Paxos issues regular reports from WithumSmith+Brown, an independent third-party accounting firm, which attests to the quantity of gold held in the Paxos Gold reserves. Tether’s XAUt reserves are audited by BDO.
While proof of reserves offers some guarantee that the issuing company is solvent, there may still be a degree of risk that the issuer could go out of business. Investors should also seek legal reassurance that they would have a valid claim on the underlying reserves in the event of any financial dispute affecting the issuer. Counterparty risk should also be considered to be a part of due diligence.

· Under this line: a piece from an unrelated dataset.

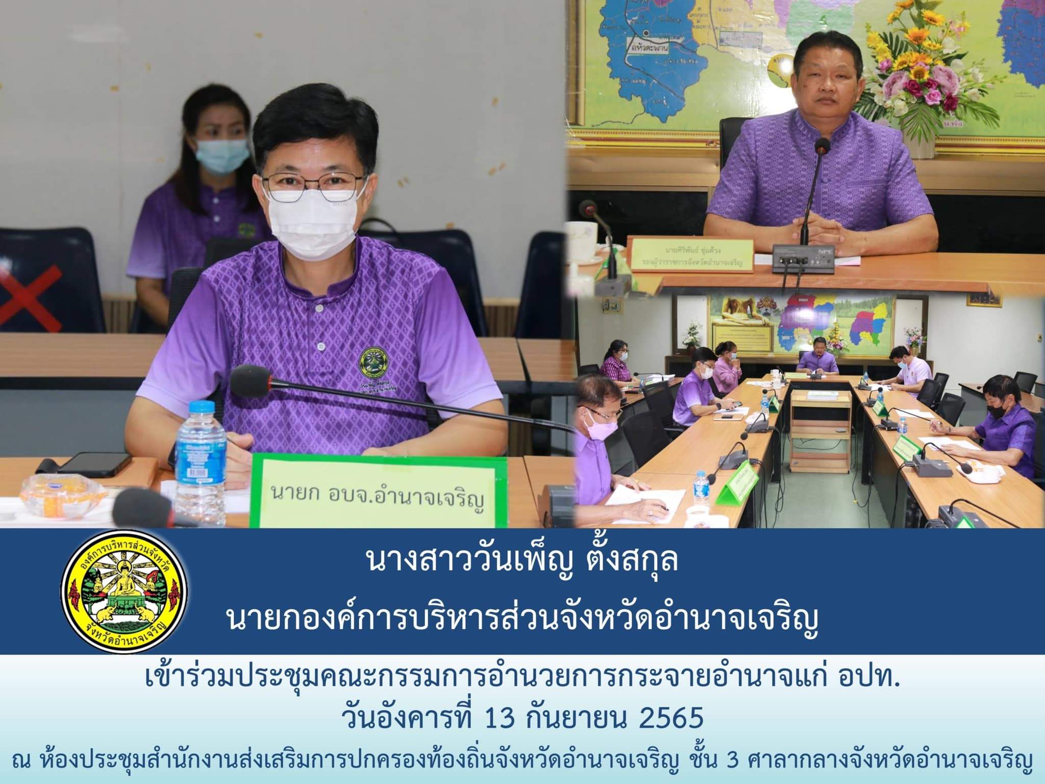 13 กันยายน 2565 เวลา 14.00 น. นางสาววันเพ็ญ ตั้งสกุล นายกองค์การบริหารส่วนจังหวัดอำนาจเจริญ เข้าร่วมประชุมคณะกรรมการอำนวยการกระจายอำนาจแก่ อปท. โดยมี นายศิริพันธ์ ขุ่มด้วง รองผู้ว่าราชการจังหวัดอำนาจเจริญ เป็นประธานในการประชุม ณ ห้องประชุมสำนักงานส่งเสริมการปกครองท้องถิ่นจังหวัดอำนาจเจริญ ชั้น 3 ศาลากลางจังหวัดอำนาจเจริญ

Regulatory and compliance risk
Commodity-backed tokens are likely to fall under the provisions of the EU’s upcoming “Markets in Crypto Assets” regulation (MiCA), which has a provision for asset-referenced tokens. Therefore, it is possible that commodity-backed stablecoins could be outlawed or heavily regulated in the future.
However, given their relative market size compared to fiat-backed stablecoins, they are unlikely to be a primary target for regulators. Furthermore, commodity-backed assets that seek to coordinate market participants to achieve collective goals, such as reducing carbon emissions, could act as a balancing force against excessive regulation.
Given the relatively new and often experimental nature of these products, comprehensive due diligence to adequately assess AML, reserve, and counterparty risk will be paramount.